Ultra-relativistic gas What is the physical significance of the relation $E=3NkT$ for classical ultra-relativistic gas? Why is it greater than ideal gas for which $E=(3/2)NkT$?
 A: Nice question. Sometimes we get used to a certain fact, such as equipartition with $(1/2)kT$ per degree of freedom, that we forget that it's not always true, or what assumptions are required in order to make it true. I had to refresh my memory on how equipartition works.
Basically the $(1/2)kT$ form of the equipartition theorem is a special case that only works if the energy consists of terms that are proportional to the squares of the coordinates and momenta. The 1/2  comes from the exponent in these squares.
The WP article on equipartition has a discussion of this. There is a general equipartition theorem that says that
$$\langle x \frac{\partial E}{\partial x} \rangle = kT,$$
where $x$ could be either a coordinate or a conjugate momentum. If $E$ has a term proportional to $x^m$, the partial derivative has a factor of $m$ in it. In the ultrarelativistic case, where $E\propto\sqrt{p_x^2+p_y^2+p_z^2}$, you don't actually have a dependence on the momenta (momentum components) that breaks down into terms proportional to a power of each momentum. However, I think it's pretty easy to see why we end up with the result we do, because in one dimension, we have $|\textbf{p}|=|p_x|$, which does have the right form, with an exponent of 1.

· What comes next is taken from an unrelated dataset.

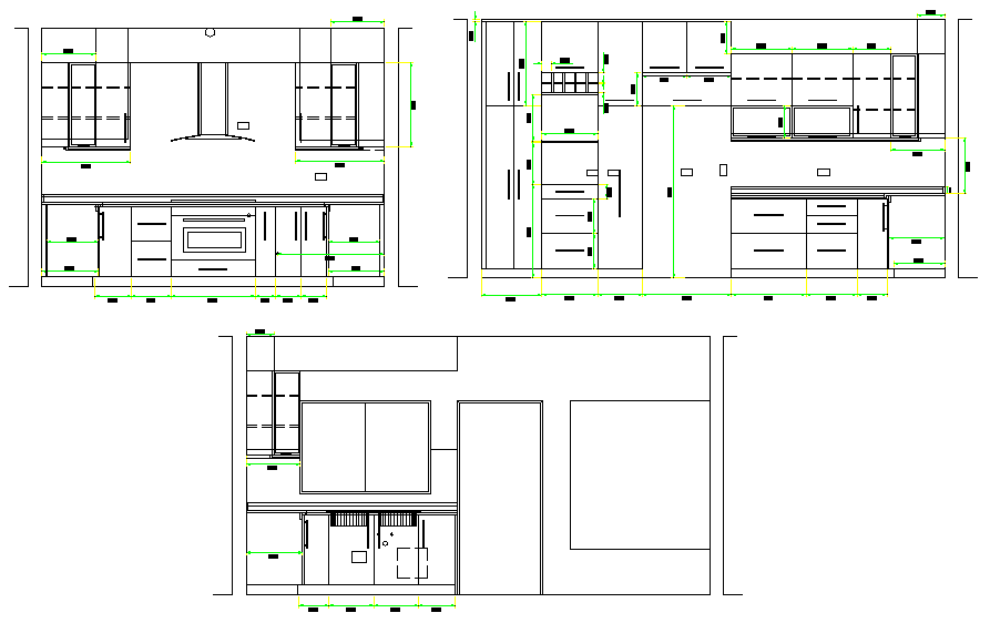 Interior Kitchen DWG Download file, Interior Kitchen DWG Detail. This design draw in autocad format. Layout plan of kitchen, inside section plan, out side section plan, much more detailing section ,Plan with furniture detail.
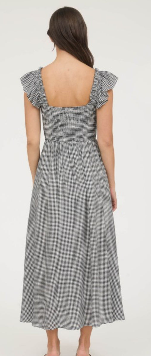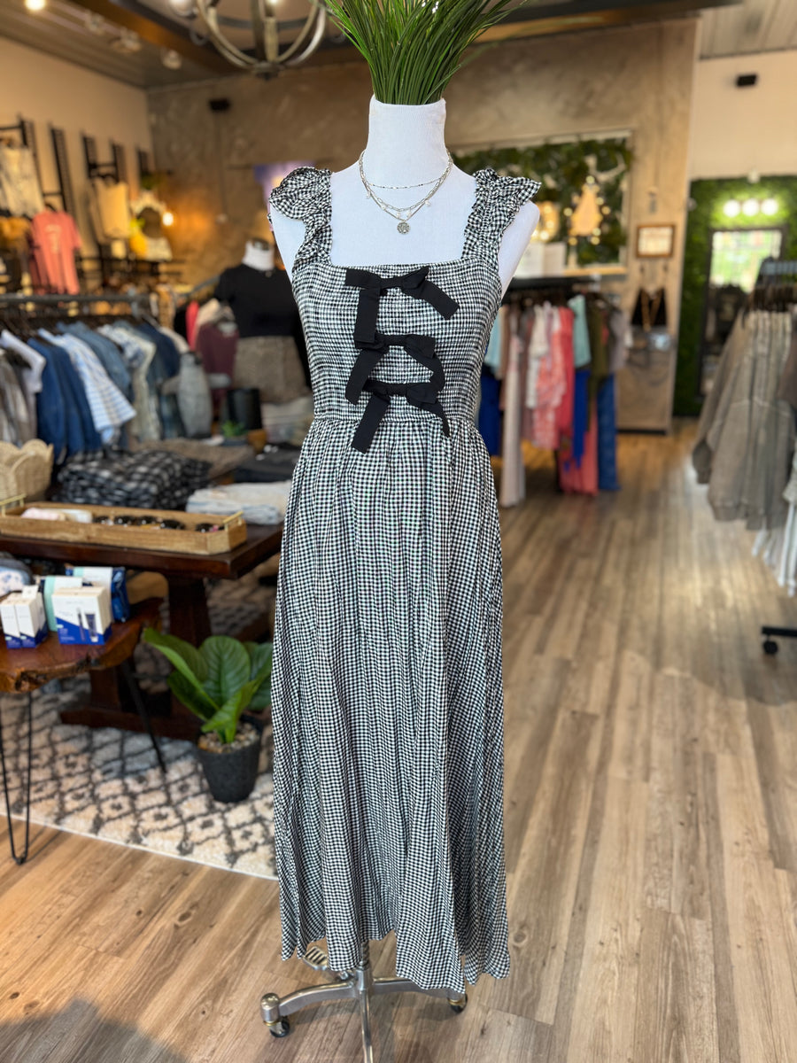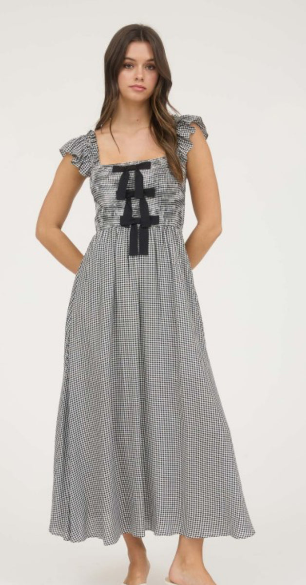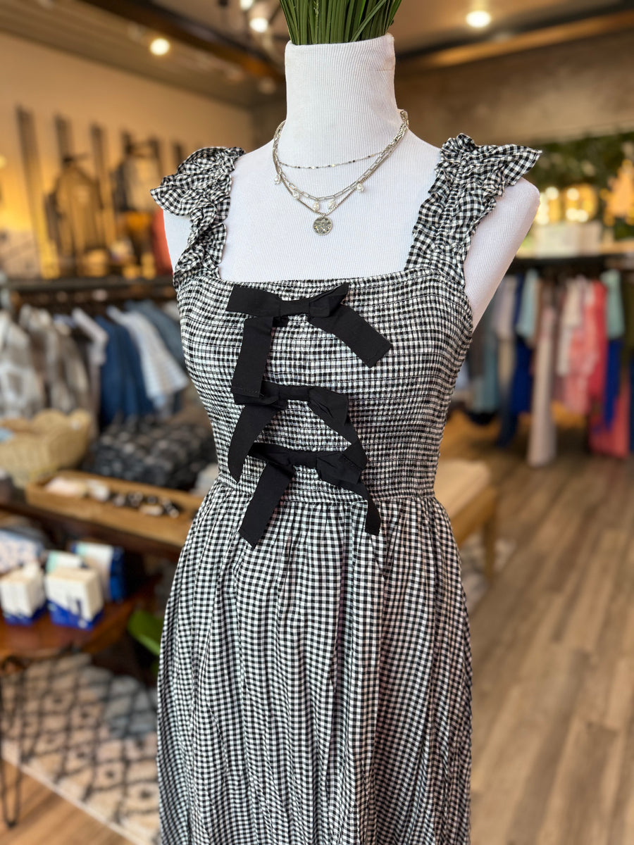 Elevate your style with our Black Gingham Front Bow Maxi Dress. This charming piece features a stunning front bow detail and timeless black gingham pattern, perfect for any occasion. Stay effortlessly chic and comfortable all day long. Own the look today.

A: First note that the different energy relationship doesn't change the equation of state for the gas. For a classical gas with no interactions, the Hamiltonian doesn't depend on the position, so we can immediately see that the partition function $Z\sim V^N$ and therefore
$$p = \frac{\partial}{\partial V}(kT\log{Z})=\frac{NkT}{V}$$
So an ultra-relativistic gas behaves just like an ideal gas for many purposes. The difference in energy can be interpreted in terms of degrees of freedom. The $N$ atoms are in both cases free (no interactions) and carry no rotational or vibrational modes. Equipartition of energy then tells us that for the classical ideal gas each mode carries an energy $\frac{1}{2}kT$, while in the ultra-relativistic case the energy is twice as big, $kT$. This is very well explained on this Wikipedia page. The reason for the difference is essentially that $H\sim p^2$ in the ideal case, while $H\sim p$ in the ultra-relativistic case.
As to the physical consequences, the equation for the energy tells you exactly what you need: at the same temperature, an ultra-relativistic gas will have twice as much energy than an ideal gas. The reason why it's exactly two is explained by the equipartition theorem.